Cuma, Aralık 30, 2005

"Buna güneş değmemiş"

Meyveler
Bazan bir ağacın aynı dalında yan yana iki meyve olur.
Biri kızarmış, tatlanmış, olmuş; diğeri yeşil, ekşi, ham.
Aynı tohumdan, aynı daldan olduğuna inanamazsınız.
Açıklaması da çok kolaydır: "Buna güneş değmemiş"
denir. Çünkü meyveyi olgunlaştıran güneştir.

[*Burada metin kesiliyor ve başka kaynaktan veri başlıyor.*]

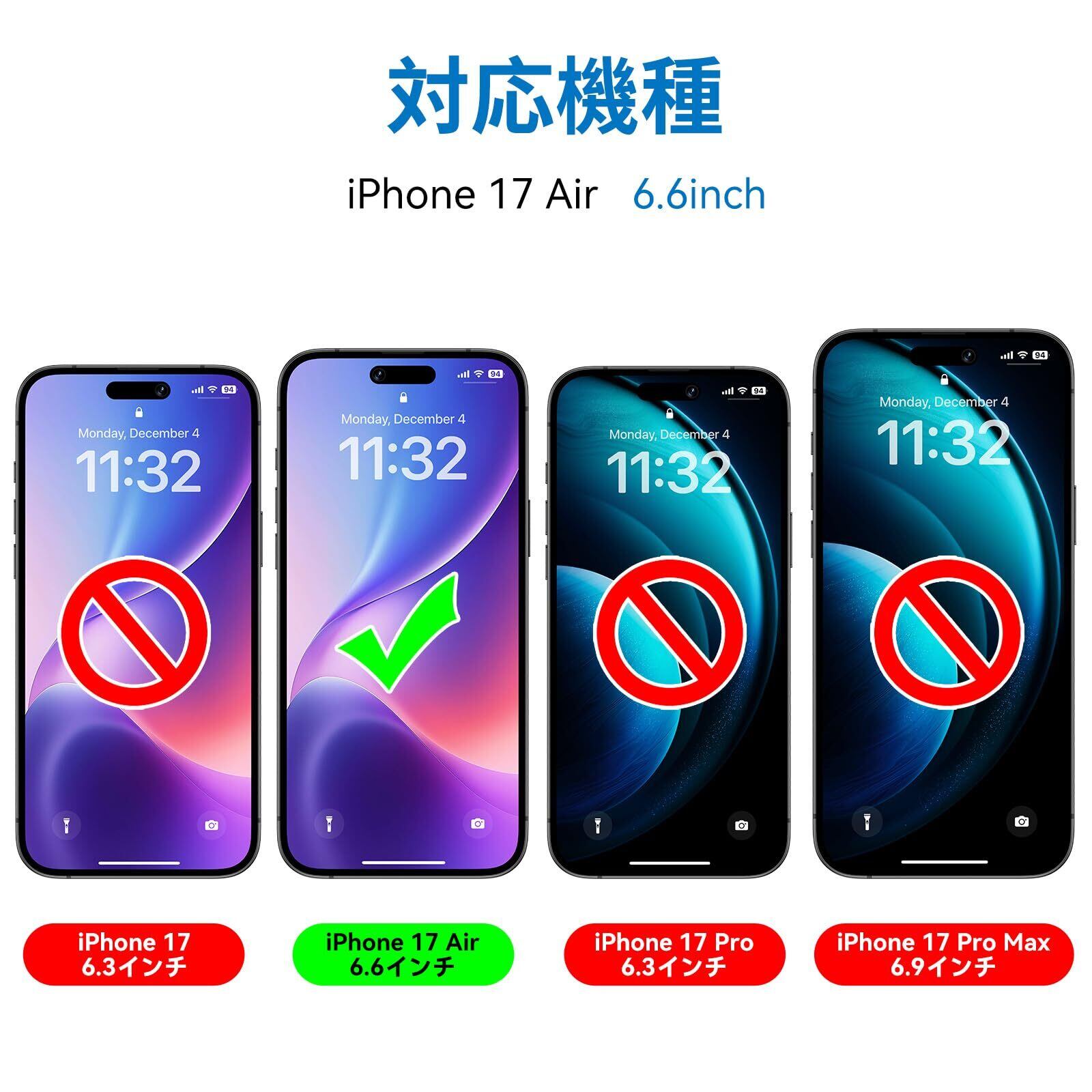 【アンチグレア・反射防止】対応機種:iPhone Air用アンチグレア ガラスフィルム。ガラス表面の反射防止加工が、光の映り込みや眩しさを大幅に低減します。視認性を向上させて画面を見えやすくすることで、長時間のスマホ操作や動画視聴でも目に優しく、疲れにくいです。

İnsanları olgunlaştıran da vahiy güneşidir, şüphesiz.
O güneşten çok uzak olsak da, ondan bize pırıltılar
aksettiren aynalar var. En başta Rasûlullah SAV,
karanlık gecenin parlak mehtabı gibi nur saçıyor.
Arada başka parlak aynalar var, hepsi de aynı
güneşten aldığı hikmeti bize öğretiyor, anlatıyor.
Hikmetin içimize işlediği nisbette olgunlaşıyoruz.

2:269 yu-til-hikmete men yeşâ
(Allah) Hikmeti dilediğine verir.
vemen yu-tel-hikmete feqad ûtiye hayren kesîrâ
Kime hikmet verilmişse şüphesiz ona çokça hayır verilmiştir.
vemâ yezzekkeru illâ ulul-elbâb
Bundan ancak ulul-elbâb öğüt alır.

Metaforlar, benzetmeler bir yere kadar doğrudur.
Her iki metaforu da kendimize uygulayabiliriz.
Bir yandan kendimizi dalında olgunlaşan meyve
olarak görelim, hikmetlere gönlümüzü açalım.
Diğer taraftan da ayna olalım, başka meyveler
bizden akseden ışıkla olgunlaşsın.

Hikmet ışığından, vahiy güneşinden yararlanırken,
etrafımıza ışık vermeye, yansıtmaya çalışalım.